Exercise directions:
Once you reach the line that holds "Max Mara’s black" in the listing below, output it and every line after it through the line that holds "Pražský rabín Jehuda", word for word.

*** Provided information Section Begins ***

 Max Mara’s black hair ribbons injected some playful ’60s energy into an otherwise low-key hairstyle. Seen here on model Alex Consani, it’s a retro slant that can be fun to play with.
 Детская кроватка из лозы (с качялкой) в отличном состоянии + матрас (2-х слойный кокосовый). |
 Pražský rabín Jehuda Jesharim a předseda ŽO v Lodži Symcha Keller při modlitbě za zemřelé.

*** Provided information Section Ends ***
*** Provided information Section Begins ***

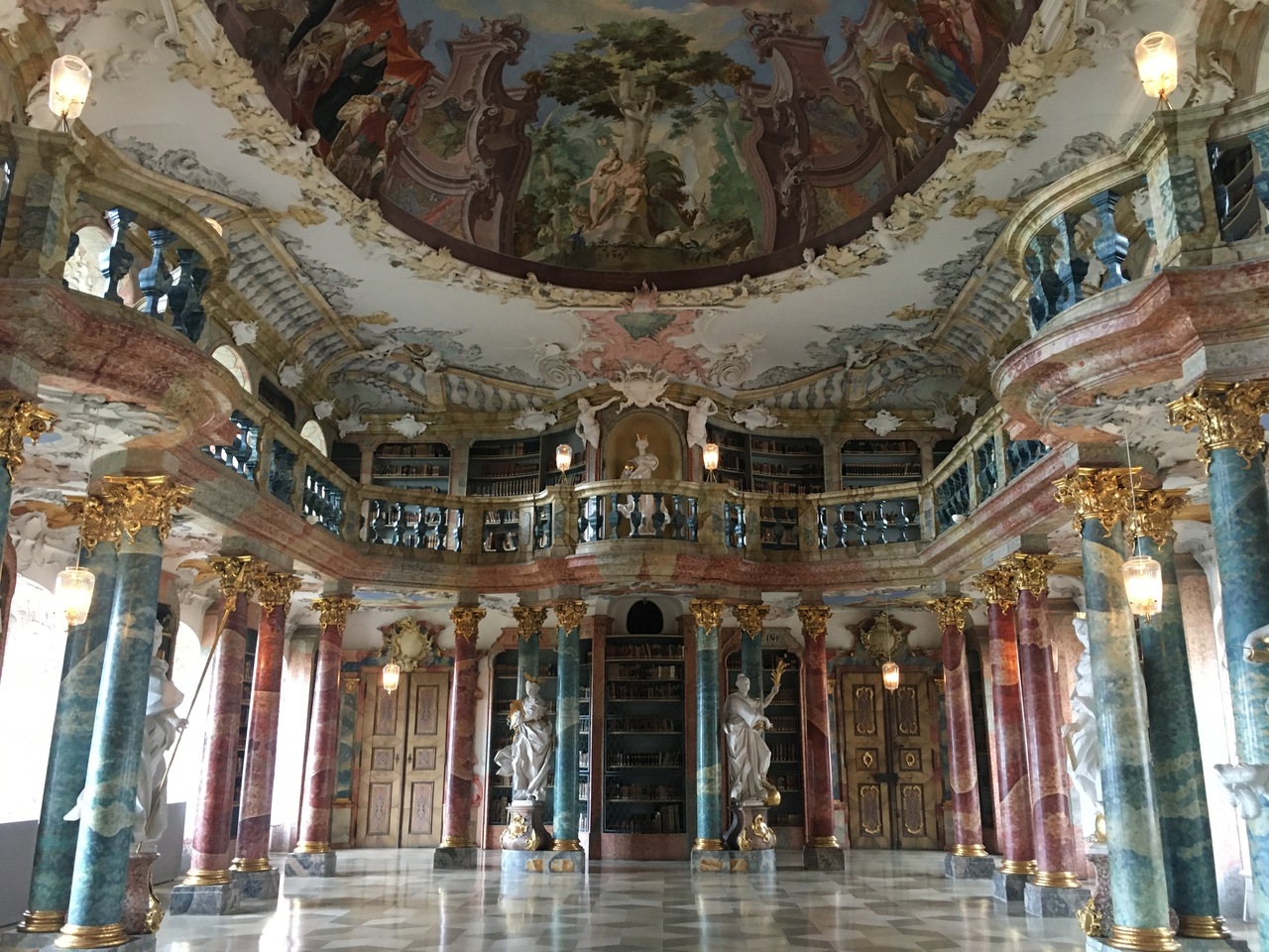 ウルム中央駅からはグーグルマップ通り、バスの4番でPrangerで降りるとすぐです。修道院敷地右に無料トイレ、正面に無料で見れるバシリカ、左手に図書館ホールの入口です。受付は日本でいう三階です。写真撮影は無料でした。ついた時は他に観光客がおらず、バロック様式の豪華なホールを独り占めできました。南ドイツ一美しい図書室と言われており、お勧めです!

*** Provided information Section Ends ***
*** Provided information Section Begins ***

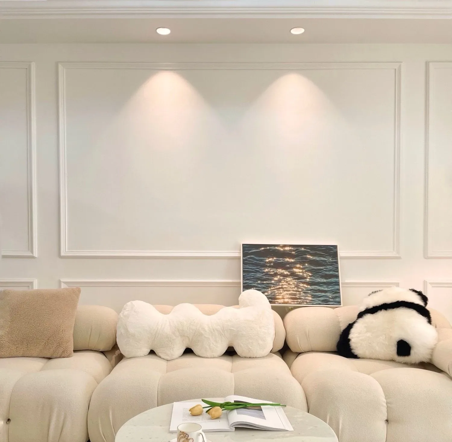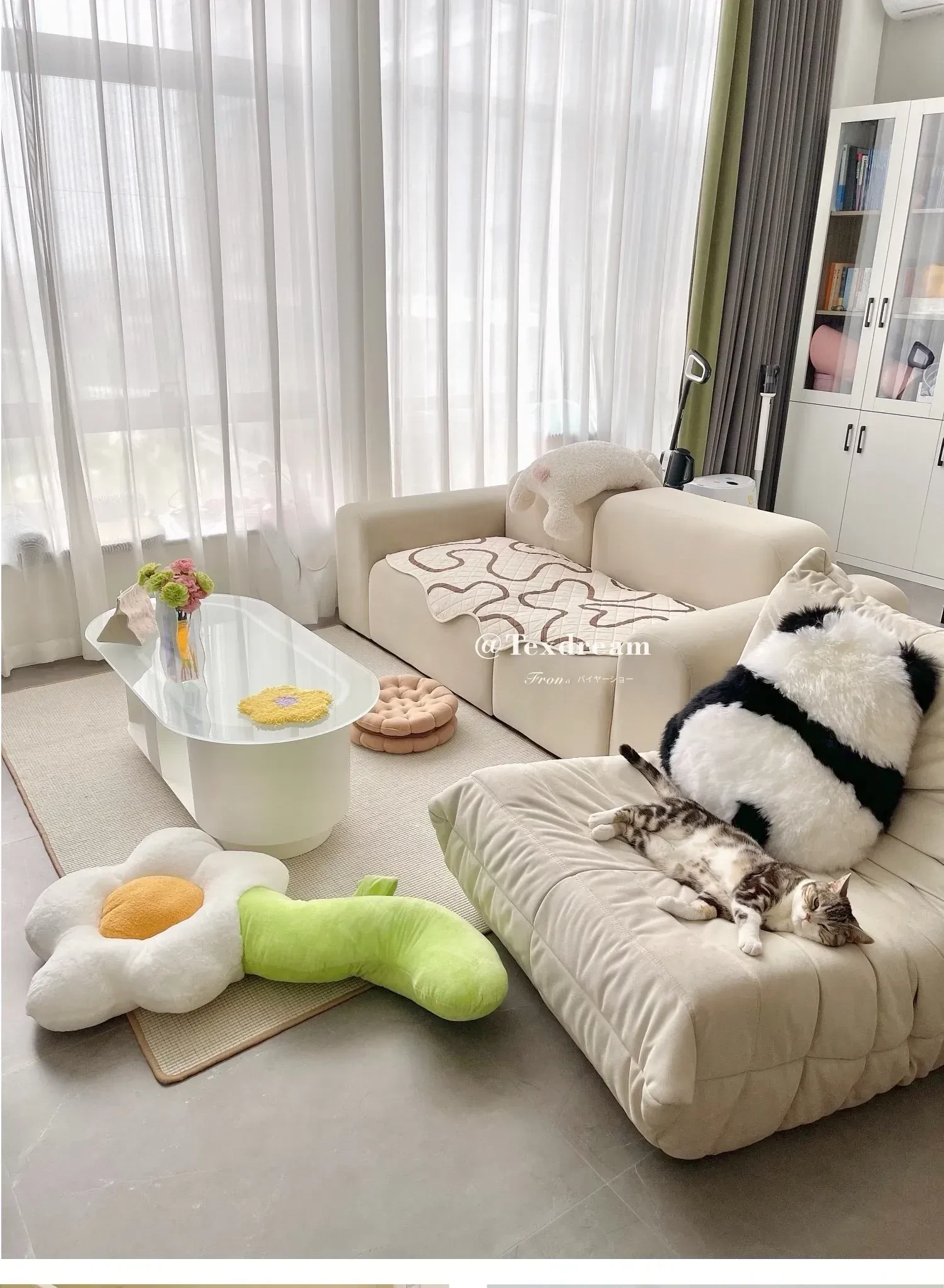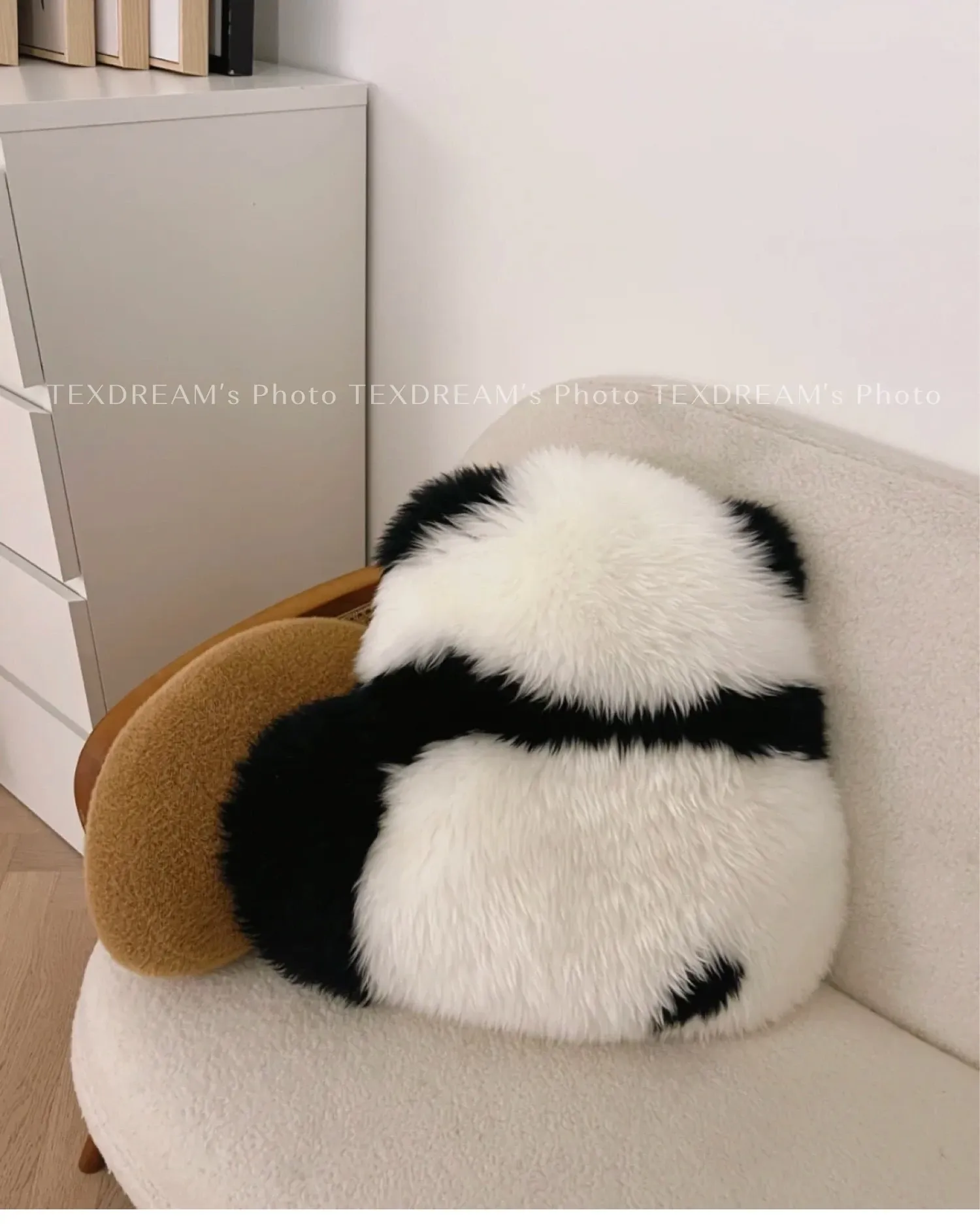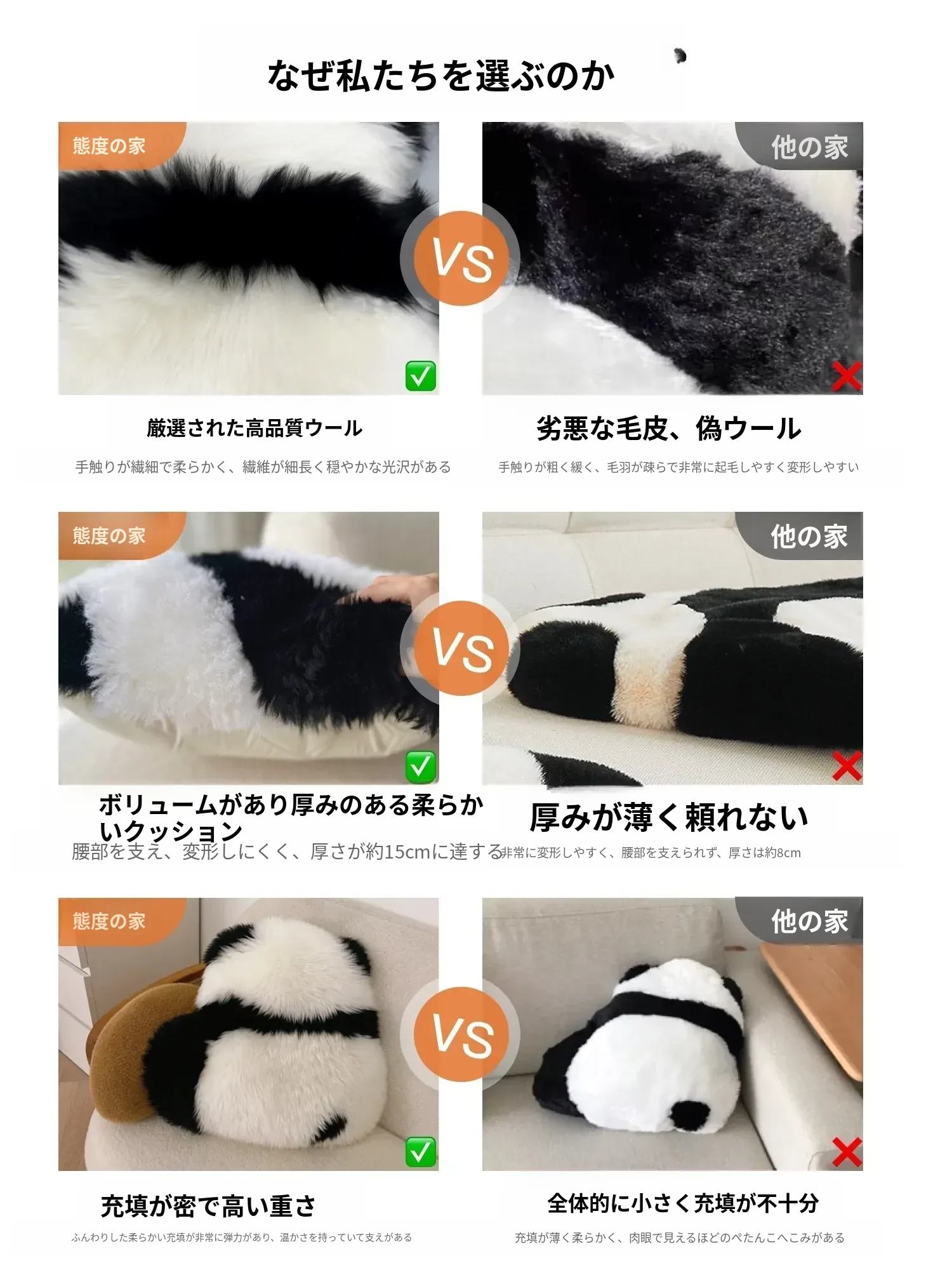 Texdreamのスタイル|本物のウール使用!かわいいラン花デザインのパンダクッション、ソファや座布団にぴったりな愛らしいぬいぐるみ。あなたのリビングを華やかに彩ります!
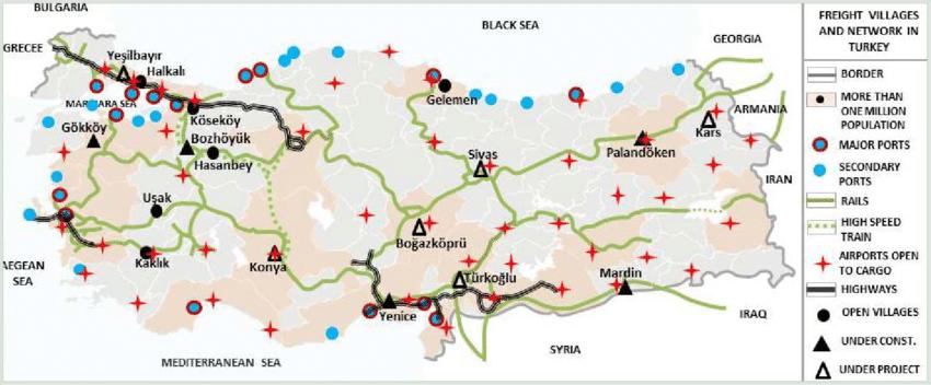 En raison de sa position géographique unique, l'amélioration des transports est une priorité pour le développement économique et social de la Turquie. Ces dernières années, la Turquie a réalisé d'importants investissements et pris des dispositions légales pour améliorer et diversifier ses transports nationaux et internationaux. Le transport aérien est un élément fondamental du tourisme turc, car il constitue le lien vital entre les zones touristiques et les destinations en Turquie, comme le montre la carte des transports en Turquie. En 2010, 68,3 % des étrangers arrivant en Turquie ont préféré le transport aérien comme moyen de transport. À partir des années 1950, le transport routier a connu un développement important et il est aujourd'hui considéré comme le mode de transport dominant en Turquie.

*** Provided information Section Ends ***

Your response:
 Max Mara’s black hair ribbons injected some playful ’60s energy into an otherwise low-key hairstyle. Seen here on model Alex Consani, it’s a retro slant that can be fun to play with.
 Детская кроватка из лозы (с качялкой) в отличном состоянии + матрас (2-х слойный кокосовый). |
 Pražský rabín Jehuda Jesharim a předseda ŽO v Lodži Symcha Keller při modlitbě za zemřelé.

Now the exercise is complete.